=== Begin Enclosure ===

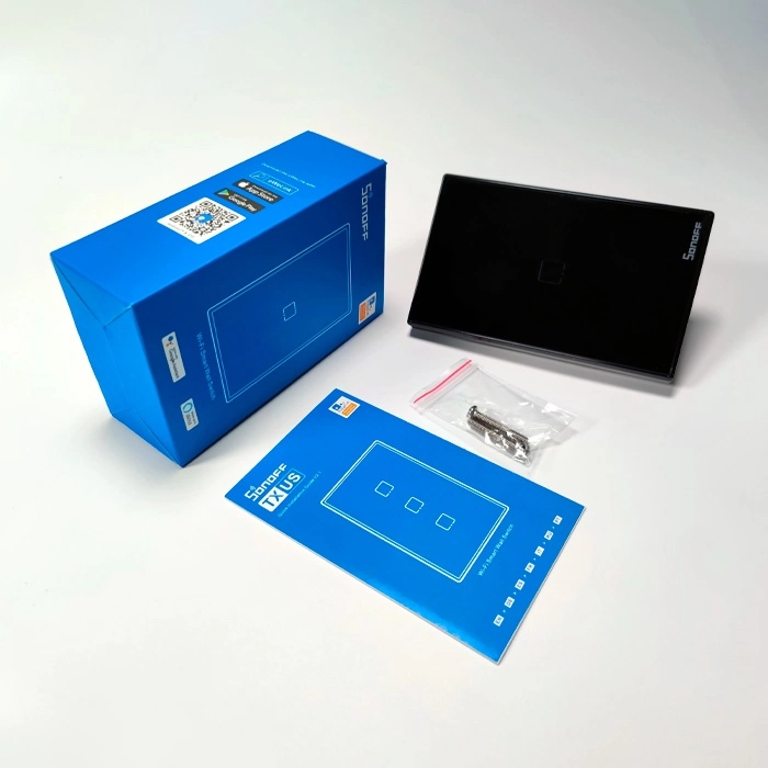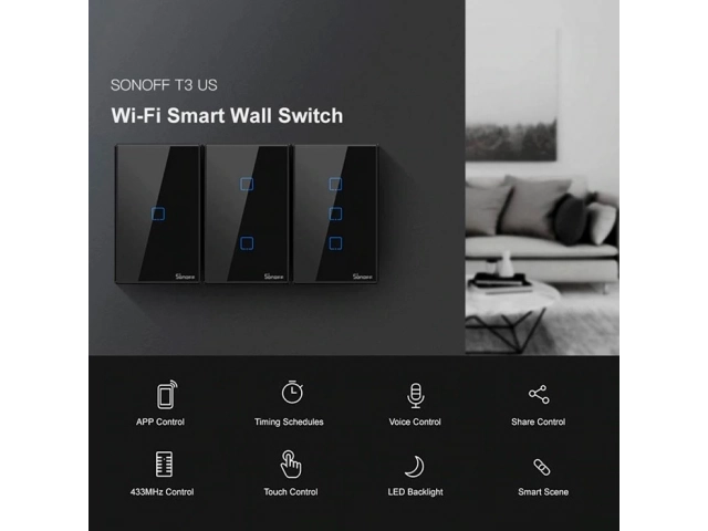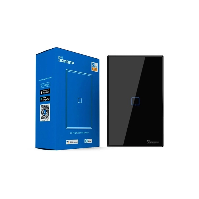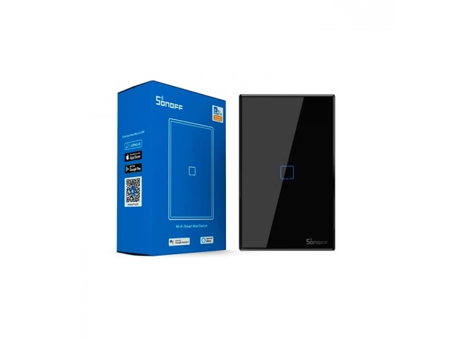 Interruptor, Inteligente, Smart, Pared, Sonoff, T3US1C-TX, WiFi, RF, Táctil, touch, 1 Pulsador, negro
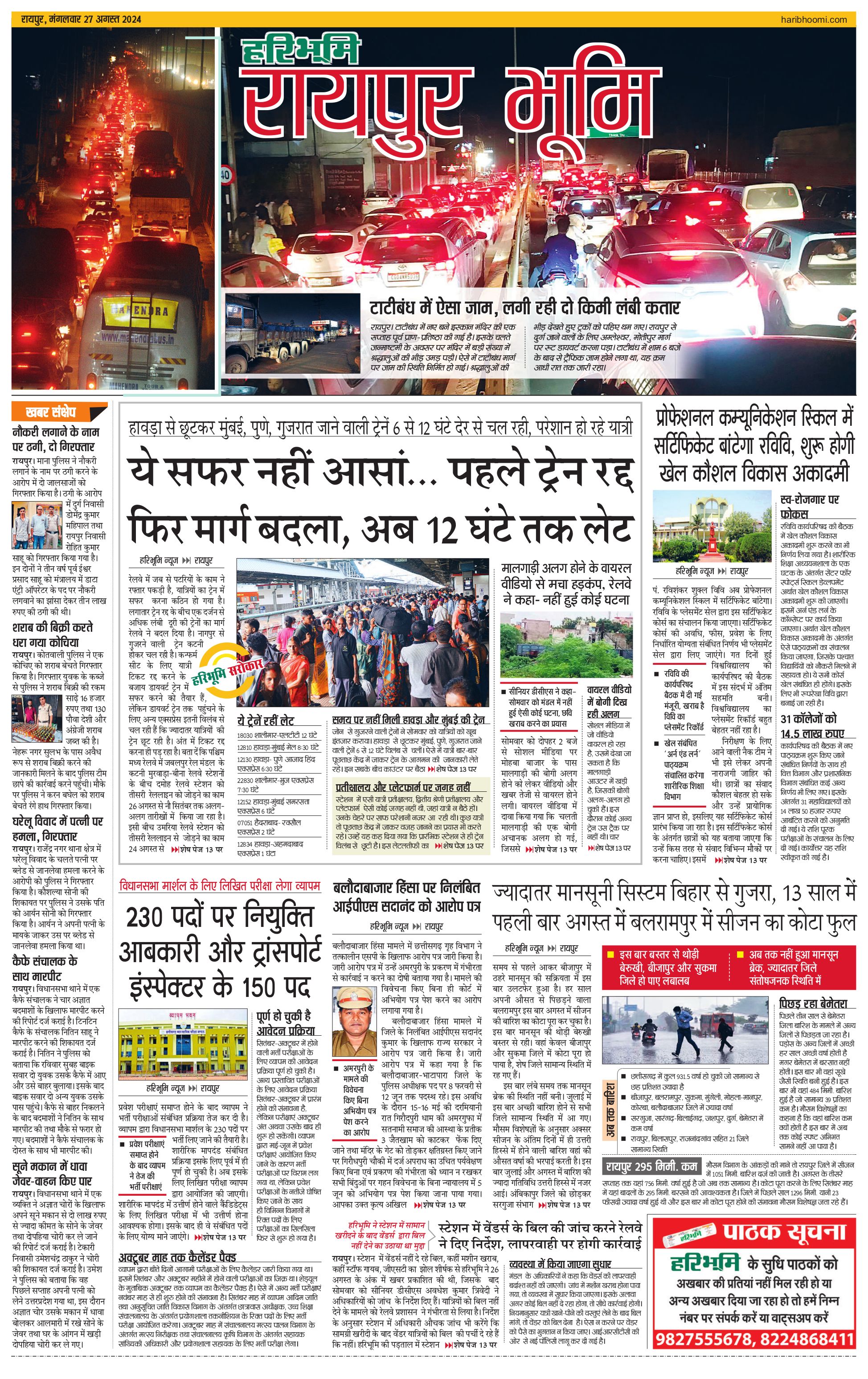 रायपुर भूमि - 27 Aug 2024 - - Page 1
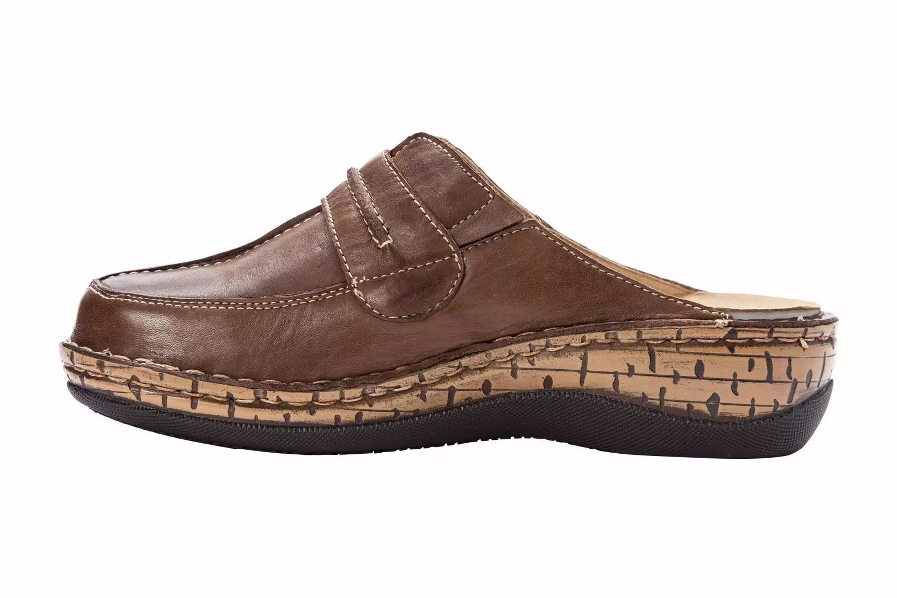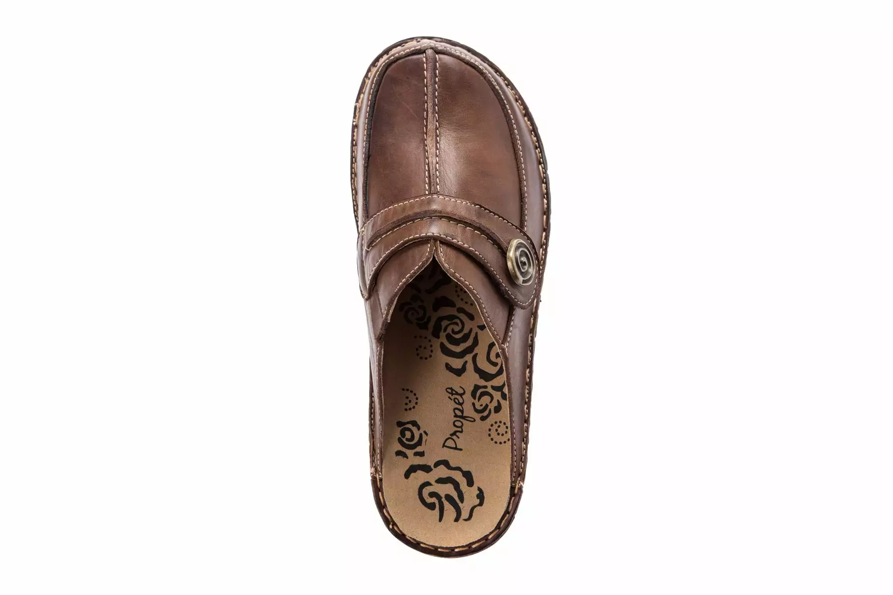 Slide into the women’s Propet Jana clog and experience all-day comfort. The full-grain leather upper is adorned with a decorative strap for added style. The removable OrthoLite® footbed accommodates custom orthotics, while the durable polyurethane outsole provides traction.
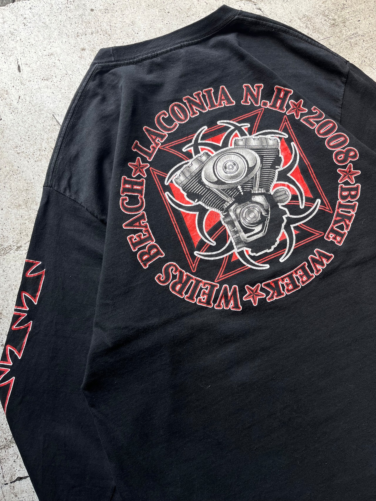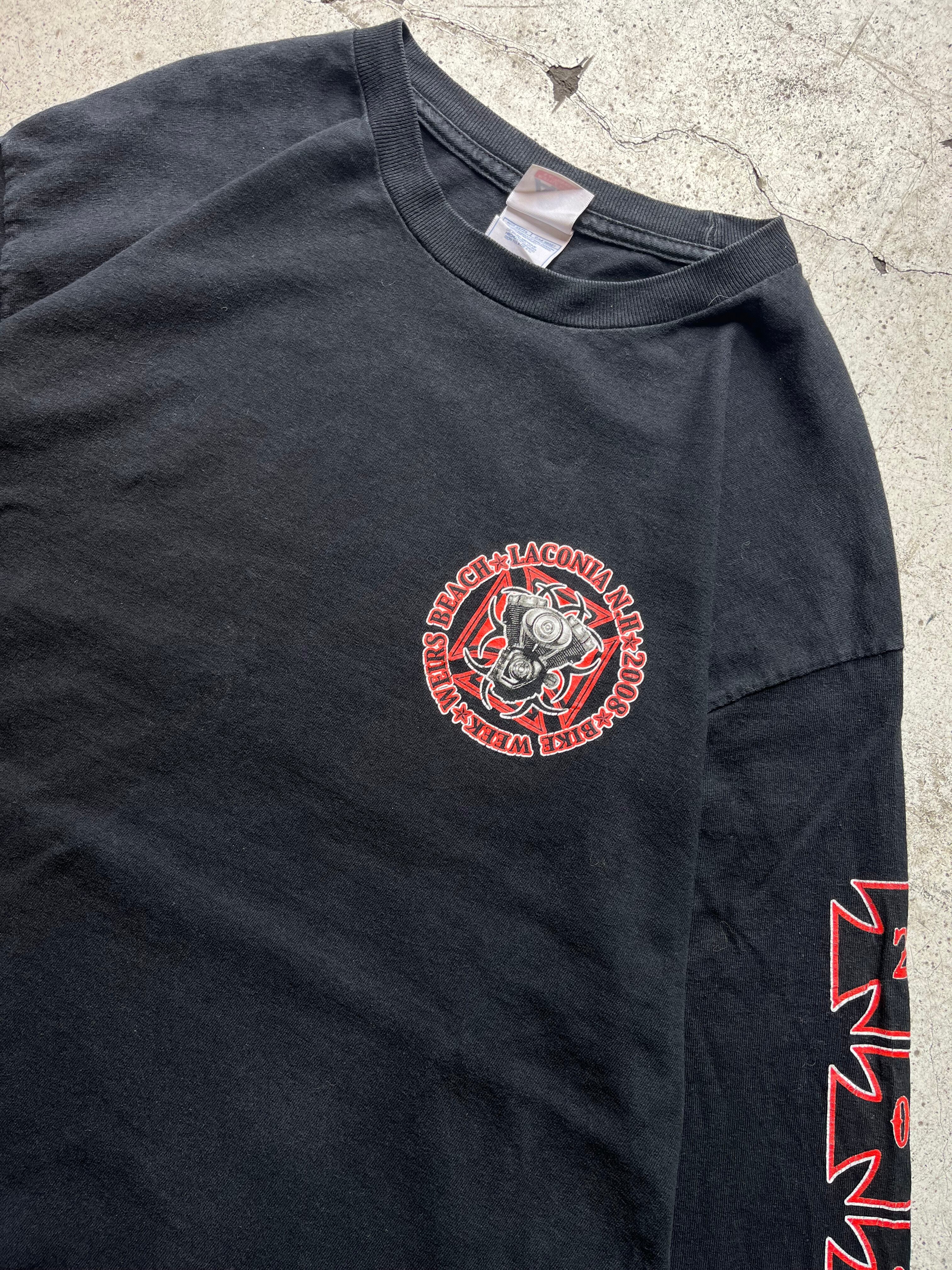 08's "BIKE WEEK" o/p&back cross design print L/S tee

=== End Enclosure ===
=== Begin Enclosure ===

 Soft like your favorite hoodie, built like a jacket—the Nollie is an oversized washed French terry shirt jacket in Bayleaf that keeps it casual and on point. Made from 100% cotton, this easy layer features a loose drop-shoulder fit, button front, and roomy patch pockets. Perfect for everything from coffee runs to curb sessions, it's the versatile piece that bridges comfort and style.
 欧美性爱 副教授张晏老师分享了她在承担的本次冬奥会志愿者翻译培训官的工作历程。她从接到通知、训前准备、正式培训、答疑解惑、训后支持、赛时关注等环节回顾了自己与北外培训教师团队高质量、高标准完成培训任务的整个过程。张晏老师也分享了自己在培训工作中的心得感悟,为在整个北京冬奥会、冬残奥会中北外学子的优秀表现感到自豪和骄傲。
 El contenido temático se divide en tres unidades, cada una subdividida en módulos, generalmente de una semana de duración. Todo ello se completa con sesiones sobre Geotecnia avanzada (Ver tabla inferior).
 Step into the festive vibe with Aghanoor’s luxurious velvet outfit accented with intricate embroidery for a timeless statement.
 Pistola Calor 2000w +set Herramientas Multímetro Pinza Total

=== End Enclosure ===

To do -> Using the listing above, restate exactly the range between the lines holding "1 Pulsador, negro" and "print L/S tee", inclusive, with pictures left out.

Response ->
 Interruptor, Inteligente, Smart, Pared, Sonoff, T3US1C-TX, WiFi, RF, Táctil, touch, 1 Pulsador, negro
 रायपुर भूमि - 27 Aug 2024 - - Page 1
 Slide into the women’s Propet Jana clog and experience all-day comfort. The full-grain leather upper is adorned with a decorative strap for added style. The removable OrthoLite® footbed accommodates custom orthotics, while the durable polyurethane outsole provides traction.
 08's "BIKE WEEK" o/p&back cross design print L/S tee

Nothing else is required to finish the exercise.